01:23:41.939 --> 01:23:44.729 Most of them have, well, some of them will if there's a rupture,
01:23:44.899 --> 01:23:49.100 if there's capture contracture, but most of them have the philosophy that you pay to take
01:23:49.100 --> 01:23:51.529 it in, you pay for any consequence to it.
01:23:52.020 --> 01:23:57.209 Medicare and Medicaid won't tell you ahead of time whether they will pay for something or not.
01:23:57.649 --> 01:24:03.609 Uh, most of the time they won't, uh, but that they'll, it just all depends,
01:24:03.859 --> 01:24:09.379 but, um, yeah, patients are paying to get their implants out mostly in the United States.
01:24:11.890 --> 01:24:18.600 Is that the same for macro textured implants for the textured implants because the FDA
01:24:18.600 --> 01:24:25.120 has not recommended, I think if the FDA recommended implant removal and capsulectomy,
01:24:25.319 --> 01:24:31.080 that might change the environment, but right now, even with textured implants now if a
01:24:31.080 --> 01:24:36.879 patient we we were having problems with the insurance companies not covering diagnosis
01:24:36.879 --> 01:24:38.919 management of patients with.

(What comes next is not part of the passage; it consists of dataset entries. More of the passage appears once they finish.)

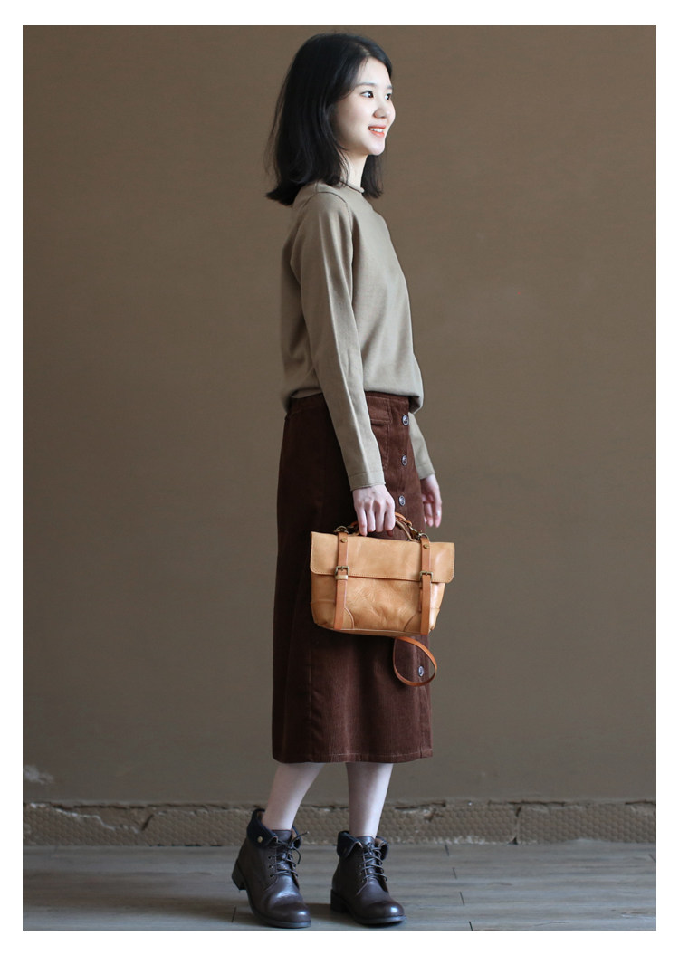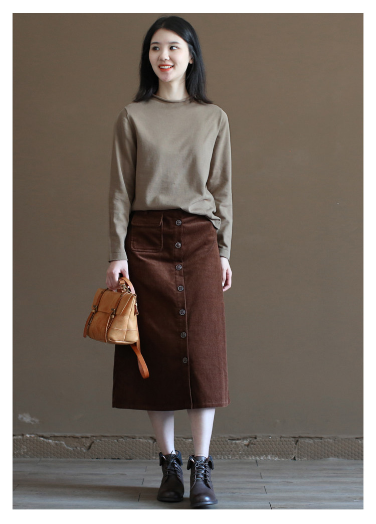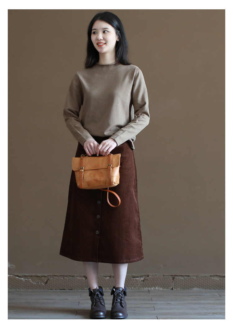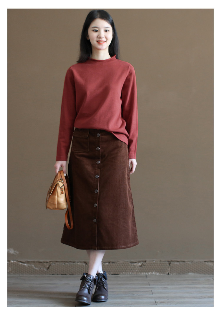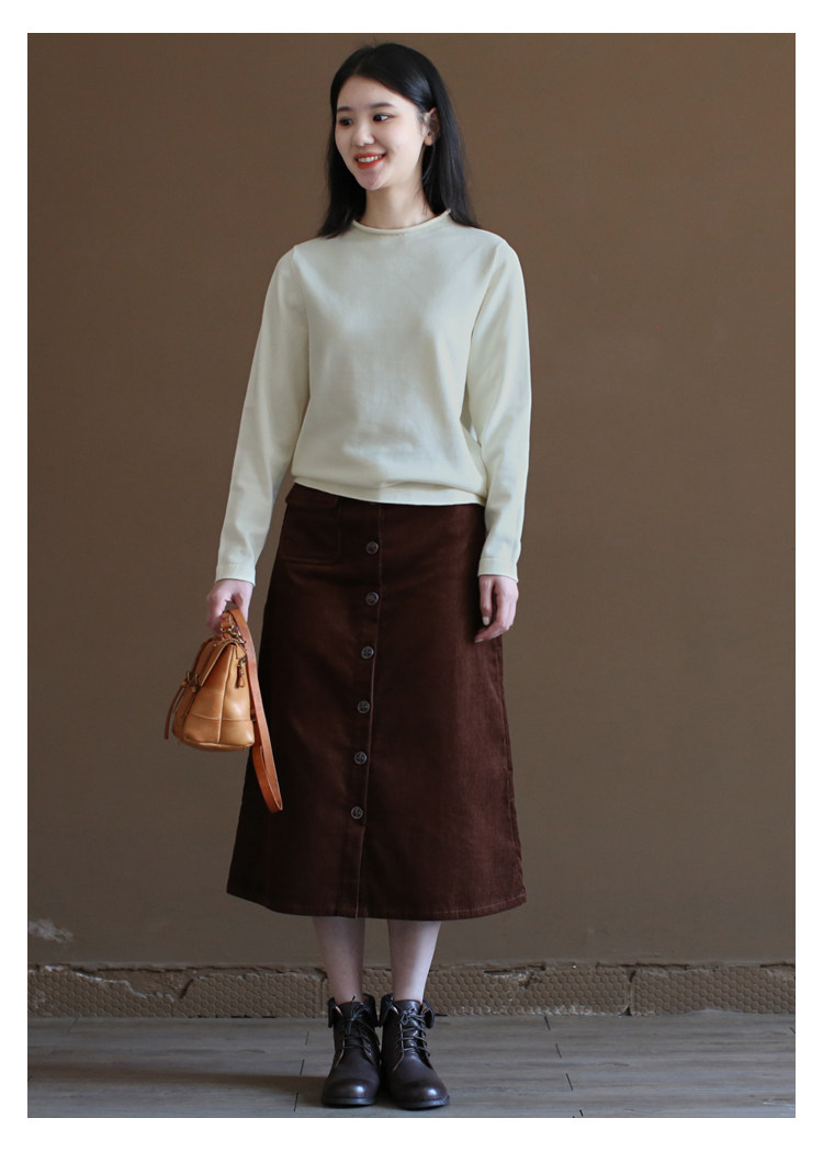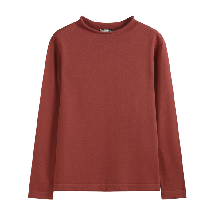 三五年Y480森系純棉線針織打底衫春秋純色圓領長袖打底套頭女上衣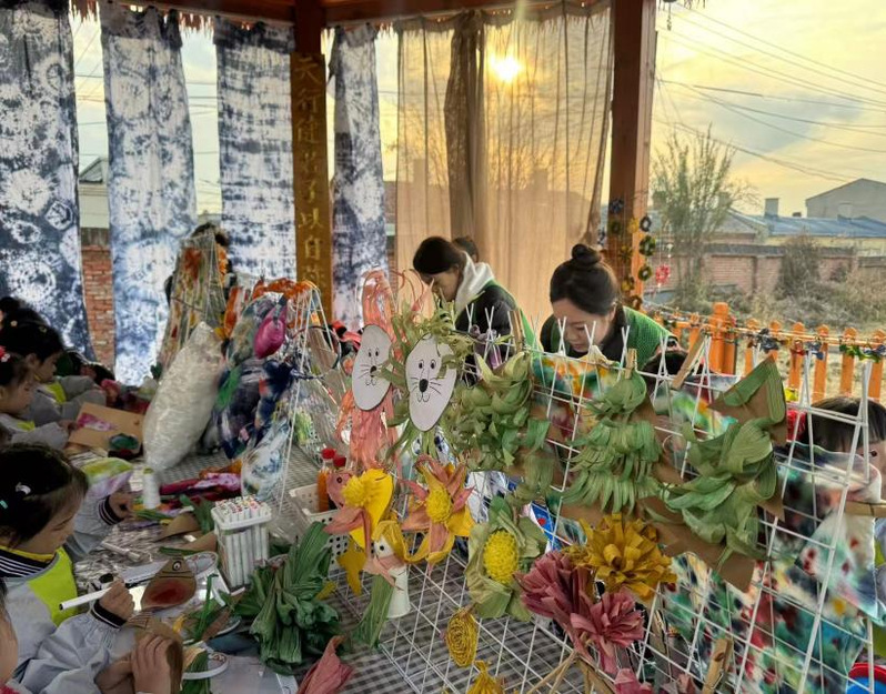 “我的方巾变成蓝色啦!”“我扎的花纹像小花朵!” 幼儿们看着自己亲手制作的扎染作品,脸上洋溢着兴奋与自豪。在等待染料固色的间隙,大学生们结合扎染过程,向幼儿讲解 “耐心等待才能收获美好”“团结协作效率更高” 等劳动道理,引导幼儿感知劳动中的坚持与协作之美,深化劳动教育的价值引领。党支部还设计了“作品分享会”环节,鼓励幼儿介绍自己的创作思路,大学生们则从专业角度进行点评与鼓励,既锻炼了幼儿的表达能力、强化了劳动成就感,也让大学生在服务中提升了实践能力,实现劳动教育与专业培育的双向赋能,切实落实了“以劳树德、以劳增智、以劳强技”的育人目标。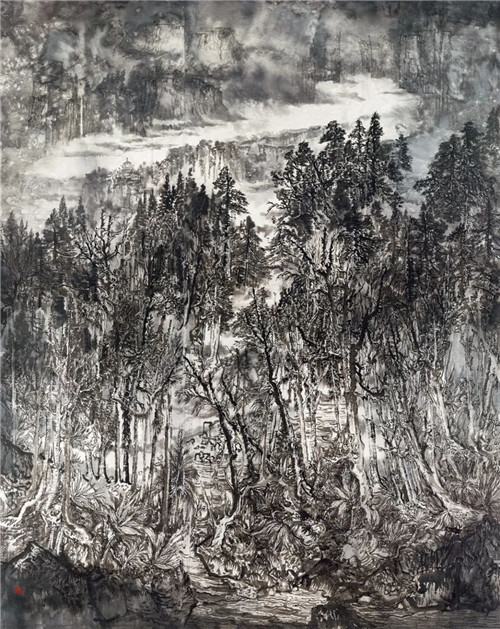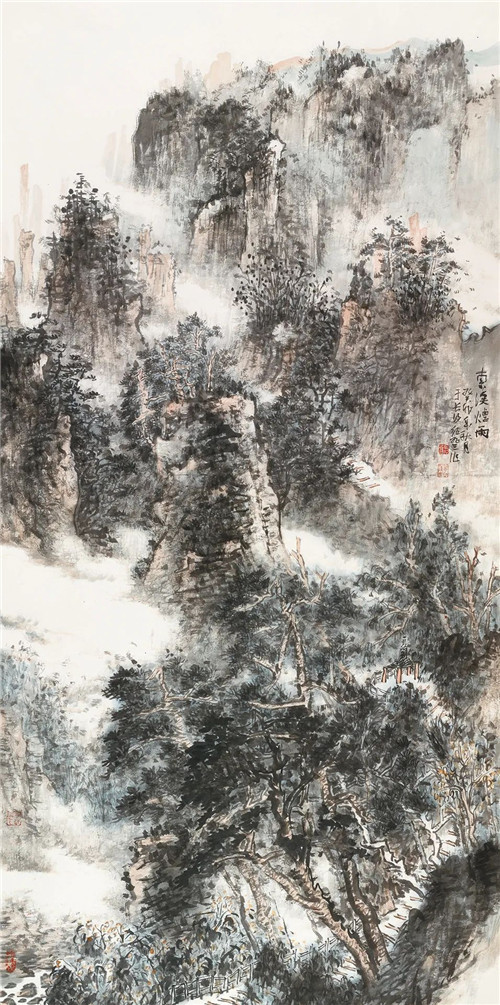 田紹登 索溪煙雨 247cm×124cm 國(guó)畫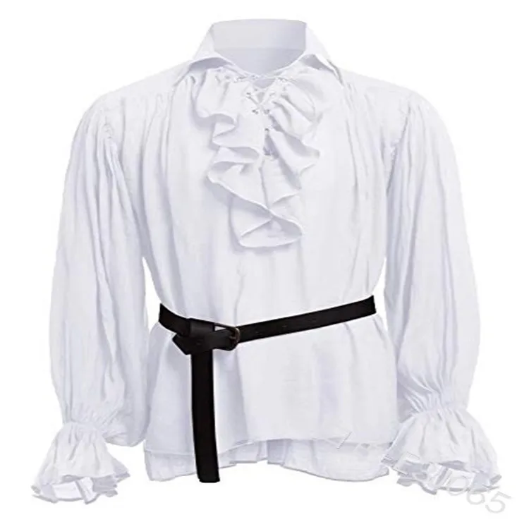 Мужская рубашка с ремнем, белая или черная рубашка с ремнем в стиле эпохи Возрождения, готики, колоний, вампира, Лолита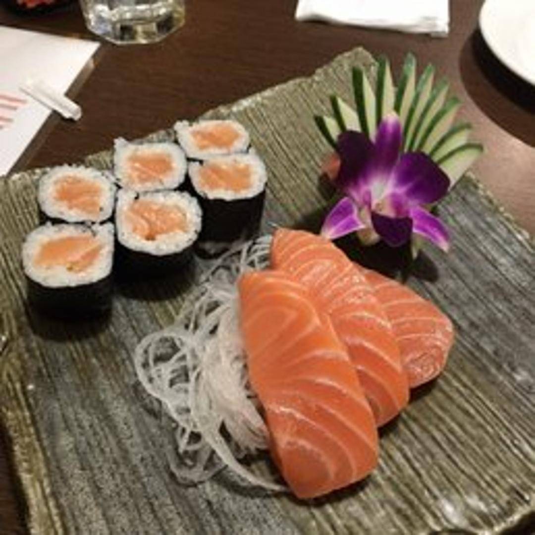 A simple yet delicious sushi roll highlighting fresh, high-quality salmon, typically paired with perfectly seasoned sushi rice and wrapped in crisp nori. Can feature raw salmon, cooked salmon, or include additional ingredients like avocado or cucumber.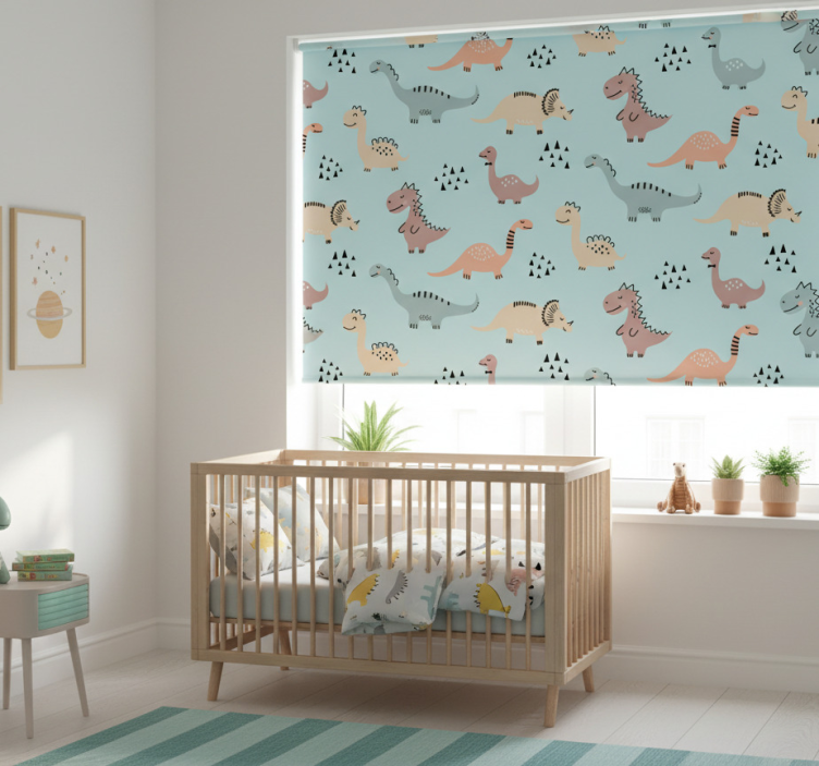 Estor enrollable infantil fondo azul con dinosaurios

01:24:39.209 --> 01:24:45.529 Um, that develop ALCL after a cosmetic procedure, and Mark Clemens has done a lot of
01:24:45.529 --> 01:24:49.120 work to get this, to get that covered. They now there's a specific,
01:24:49.410 --> 01:24:55.529 uh, CPT code, and ICD 10 code for breast implant associated ALCL that takes out whether
01:24:55.529 --> 01:24:59.080 the implant was originally placed for cosmetic reasons or not,
01:24:59.089 --> 01:25:04.009 but that that was a that was a problem now but the patient just wants a textured implant
01:25:04.009 --> 01:25:06.080 removed, most insurance won't pay for it.
01:25:07.549 --> 01:25:11.549 Thank you very much. I think as it seems really that I think this
01:25:11.549 --> 01:25:15.990 topic of implant technology is something that we have to pick up again because I think
01:25:15.990 --> 01:25:20.310 there's still a lot to say and um well thank you very much for this session.
01:25:20.319 --> 01:25:24.779 I think it was very, very helpful, useful, and a lot of information here.
01:25:25.729 --> 01:25:28.759 Hence, I think we have reached the end of this meeting.
01:25:29.370 --> 01:25:34.180 It was 3 incentive days and um in new format, in new ways,
01:25:34.569 --> 01:25:36.490 and I think in behalf of the.
01:25:37.209 --> 01:25:38.419 Scientific team.
01:25:39.270 --> 01:25:43.640 We thank everybody that has come. We thank the industry that has supported this
01:25:43.640 --> 01:25:46.629 meeting. We thank MA Healthcare, who has done the
01:25:46.629 --> 01:25:53.229 organisation, um we thank again the College of the Royal College of Physicians that has hosted
01:25:53.229 --> 01:25:57.109 us here again and the helpers who have been supporting us.
01:25:57.270 --> 01:26:00.990 So a lot of people who have put together this, this meeting,
01:26:01.029 --> 01:26:07.950 support, and um we're looking very much forward to see you in a year's time with uh
01:26:07.950 --> 01:26:10.209 hopefully a new. And a different programme.
01:26:10.290 --> 01:26:12.770 So thank you very much everybody and safe journey homes.